» **BRIEF**
What is wanted is every line below from the one with "Pull avec capuche" up to and including the one with "- Our quality", retyped exactly, pictures excluded, nothing else.

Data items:
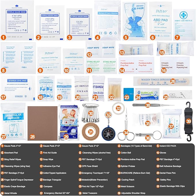 - Emergency Essentials: This kit has everything you need! Fully packed with 430 professional medical supplies - all kinds of bandages, gloves, povidone-lodine prep pad, tourniquet, etc. with such items you can get ready for unknown situations better.
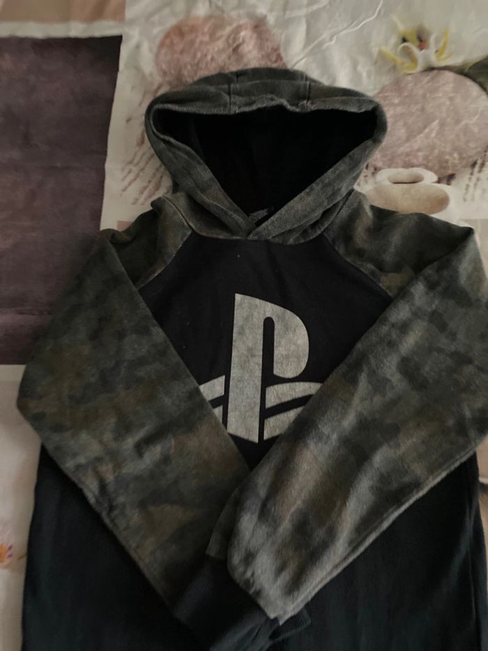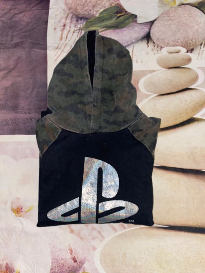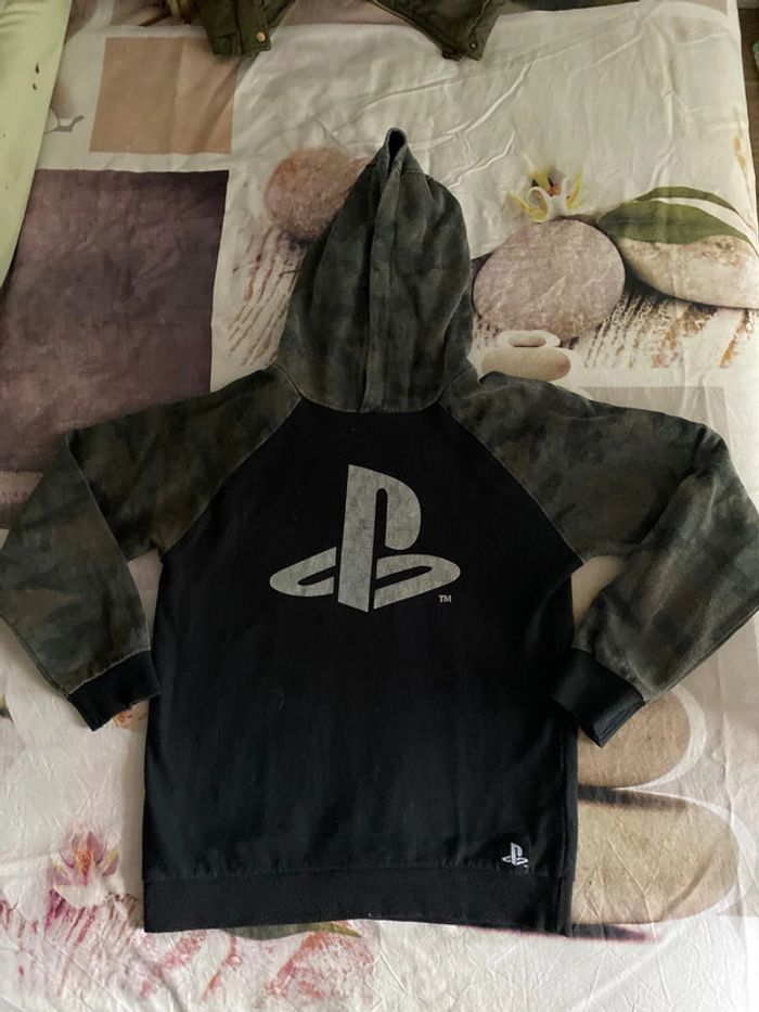 Pull avec capuche Noir et manches militaires Logo PlayStation Taille 9/10 ans
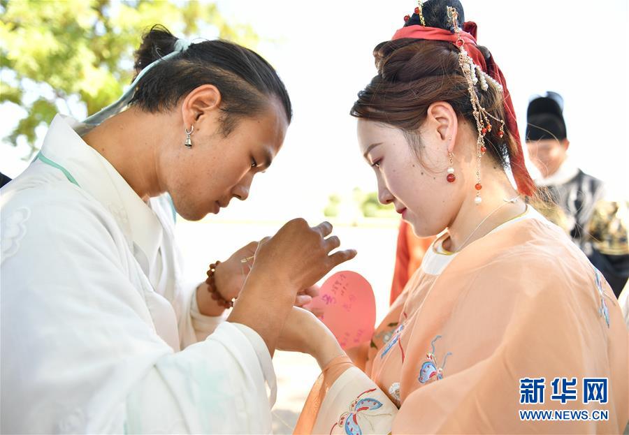 8月25日,身着传统服饰的年轻人在活动现场体验“穿针乞巧”。当日是农历七月初七,陕西西安大明宫国家遗址公园举办七夕节特别活动,参与活动的年轻人身着传统服饰,通过穿针乞巧、诗词接龙等展示传统文化魅力。新华社记者 张博文 摄
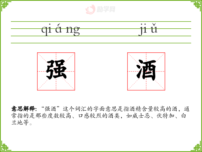 “强酒”这个词汇不仅描述了一种物质的特性,还承载了文化、情感和社会的多重意义。在语言学习和表达中,理解这样的词汇可以帮助我们更准确地传达信息,并丰富我们的表达方式。
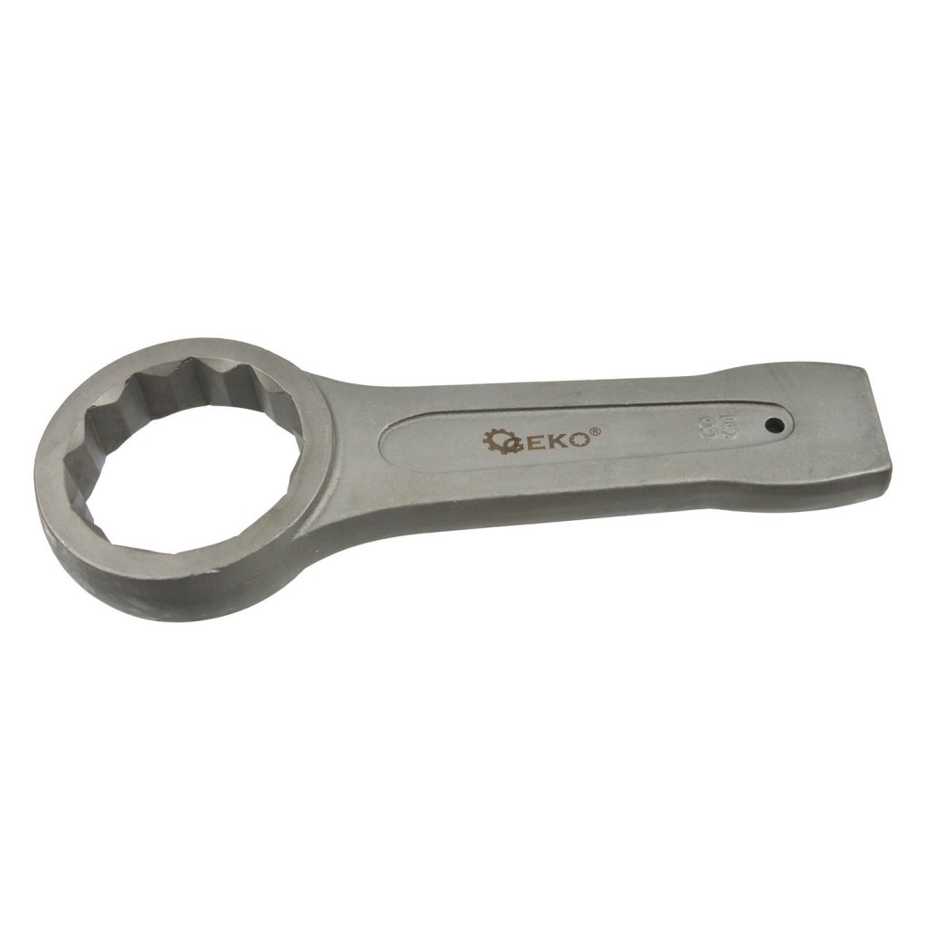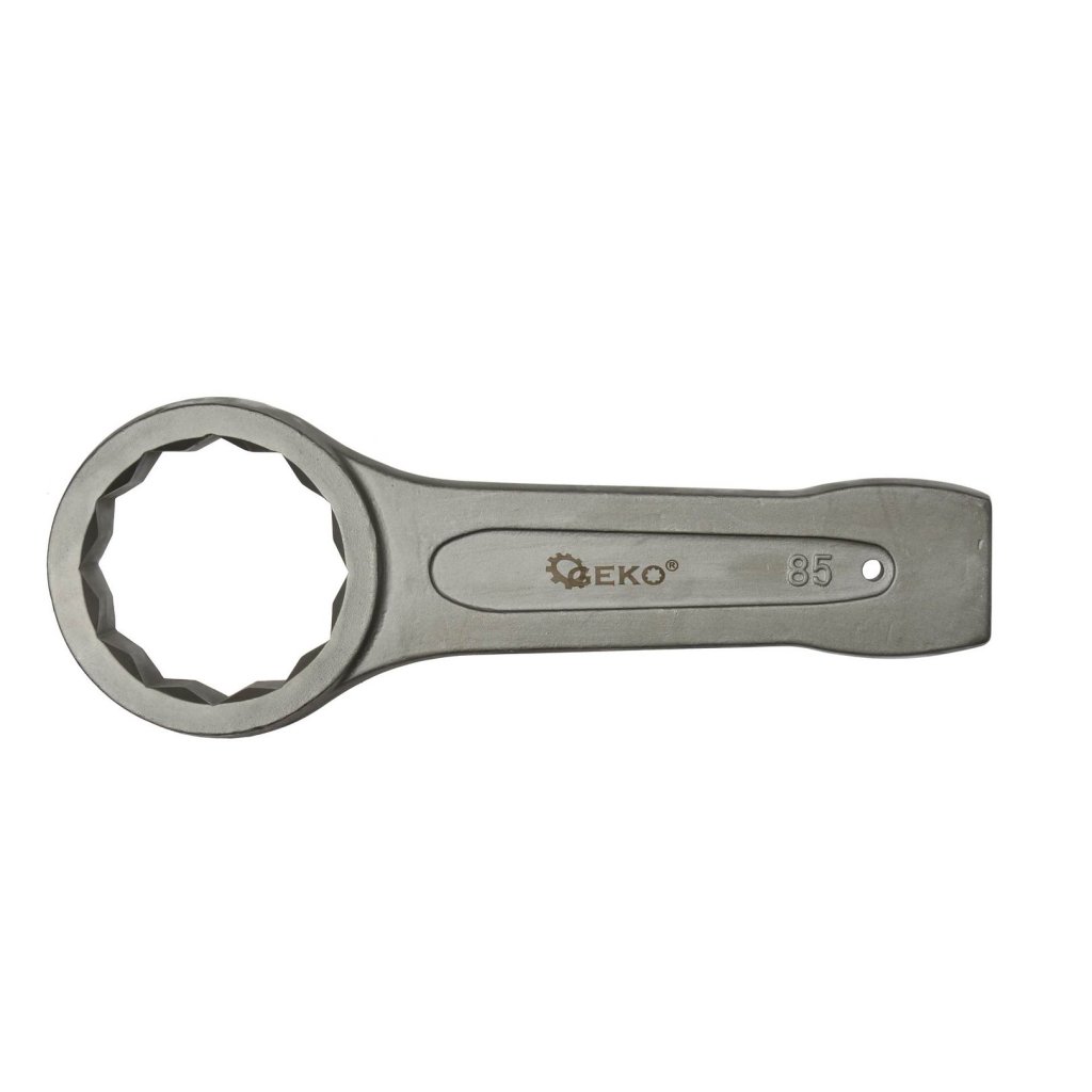 Očkový klíč na zatloukání určený k odšroubování pevně utažených nebo zaseknutých šroubů povýkoní úderů kladivem na konec rukojeti klíče.
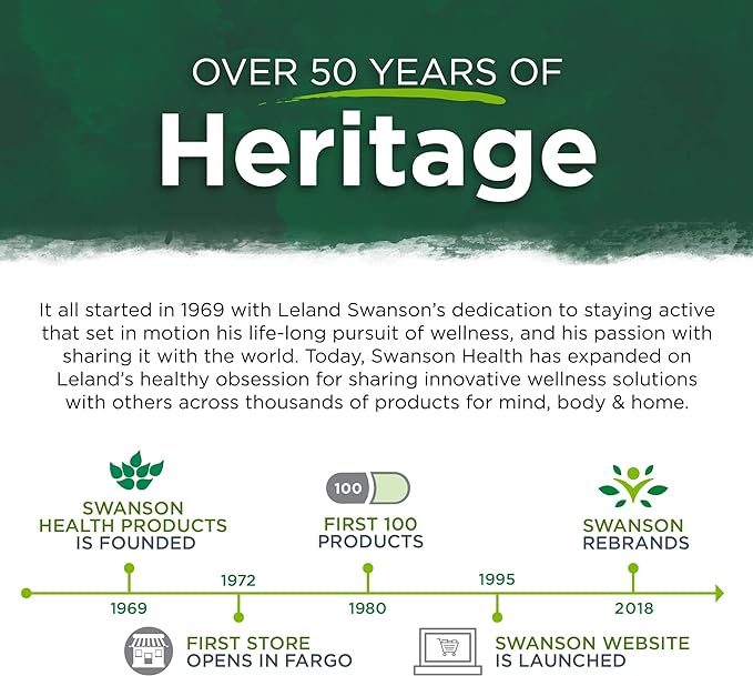 - Our quality commitment: For over 50 years, Swanson has delivered science-backed health products worldwide; Each wellness supplement is made in our GMP certified facilities, and our purity and potency testing includes independent third-party labs
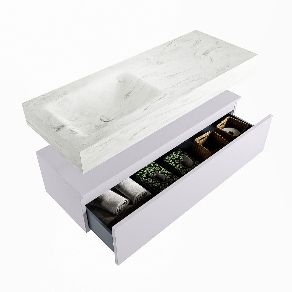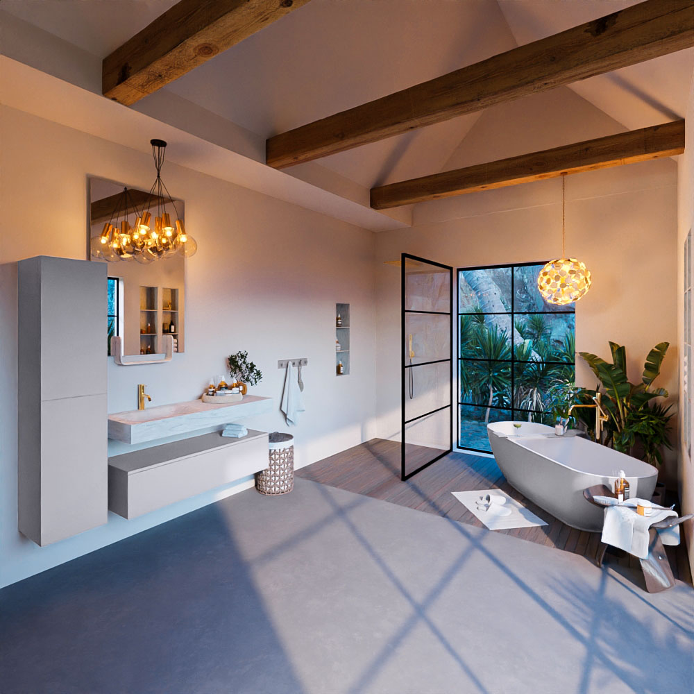 Cree un aspecto elegante y fantástico en su baño con el conjunto de muebles de baño Alan DLUX. El deslumbrante conjunto de muebles de baño ALAN-DLUX consta de un lavabo suspendido con suaves líneas orgánicas de CORIAN en Solid Surface marmolado combinado con el mueble de baño ALAN. El conjunto de muebles de baño ALAN-DLUX es adecuado para cualquier baño, ya sea pequeño o grande. Para completar completamente su baño, también hay disponibles varios accesorios en estos mármoles, como las repisas Mondiaz y los estantes de espejo.

» **SOLUTION TO THE PROBLEM**
 Pull avec capuche Noir et manches militaires Logo PlayStation Taille 9/10 ans
 8月25日,身着传统服饰的年轻人在活动现场体验“穿针乞巧”。当日是农历七月初七,陕西西安大明宫国家遗址公园举办七夕节特别活动,参与活动的年轻人身着传统服饰,通过穿针乞巧、诗词接龙等展示传统文化魅力。新华社记者 张博文 摄
 “强酒”这个词汇不仅描述了一种物质的特性,还承载了文化、情感和社会的多重意义。在语言学习和表达中,理解这样的词汇可以帮助我们更准确地传达信息,并丰富我们的表达方式。
 Očkový klíč na zatloukání určený k odšroubování pevně utažených nebo zaseknutých šroubů povýkoní úderů kladivem na konec rukojeti klíče.
 - Our quality commitment: For over 50 years, Swanson has delivered science-backed health products worldwide; Each wellness supplement is made in our GMP certified facilities, and our purity and potency testing includes independent third-party labs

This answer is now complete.